This week was all about #mentalhealthawareness. Ordinarily it passes me by, but the theme of the 2018 campaign, stress, has really caught my attention.
I’m one of these people who has always worked better under pressure. It wasn’t until I got my first job in the press office of a busy police force, that I realised there were jobs perfectly suited to people like me!
I thrive on the urgency of a situation. I get a kick from turning work around in very tight timescales. The adrenaline rush of a fourteen hour day and the feeling driving home with music pulsing through the car speakers, is my big reward.
That can’t be a constant though and I’ve come to realise there’s a big difference between preferring to work under pressure and having to work under pressure.
For me, the first is a good catalyst to get stuff done and, 99% of the time feel happy that quality isn’t compromised. The second is a state whereby I become paralysed by the pressure.
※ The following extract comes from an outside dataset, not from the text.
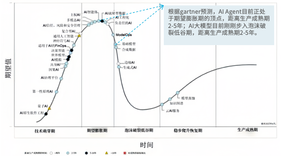 相比视觉识别、语音识别、OCR等技术已经展现出高度成熟度,实现了规模化、稳定化的商业应用,根据Gartner技术成熟度曲线预测,AI大模型刚刚步入泡沫破裂的低谷期,预计未来2-5年进入生产成熟期;而AI Agent目前正处于期望膨胀期的顶点,同样需要2-5年才能成熟。

So much to do that it becomes difficult to see what needs to be done first and I have personally felt unable to navigate the musts, shoulds and coulds because of it – mental paralysis.
Constant pressure causes stress and for me this leads to job dissatisfaction, because nothing gets done properly and consequently imposter syndrome kicks in – ‘I’m not good enough!’ I LOVE WORK, so when this happens it becomes quite distressing.
As well as having a full-time, often challenging, sometimes extremely rewarding job, I also have two small children – my ‘squatters’ (6 and 2) and a husband who works shifts. I can’t afford to be stressed!
What’s really helped me is to recognise the little things I start to do and feel when I’m falling into a state of stress that can be mentally and physically quite damaging for me. If I can spot it quick enough, I can try and change my behaviour.
A couple of weeks ago I could feel I was going back down a glum, yet frantic path. So, I consciously did things differently:
- I worked a few days of normal length – Going home when my contracted hours were worked seemed counterproductive to getting stuff done, but it gave me space to think.
- I wrote a list of three things I needed to achieve/deliver each day that week.
- I purposely left my laptop in work .
- I ‘unplugged’ from social media so I couldn’t see work and the goings on (I’m always available on the phone should they REALLY need me).
- I scheduled a quiet/admin day and got on top of the stuff that I felt was spiralling.
- I acknowledged how I felt and WHY and, I started to write it down. Writing it down means I’m not keeping it to myself – it’s no longer a secret – and that in itself is a big help!
What’s been a revelation for me during this last week is the volume of people in my line of work speaking out and saying the same. This week my Twitter feed has been full of people I admire being really honest about how stress has made them feel; how it’s made those closest to them feel and how they’ve found their own coping mechanisms.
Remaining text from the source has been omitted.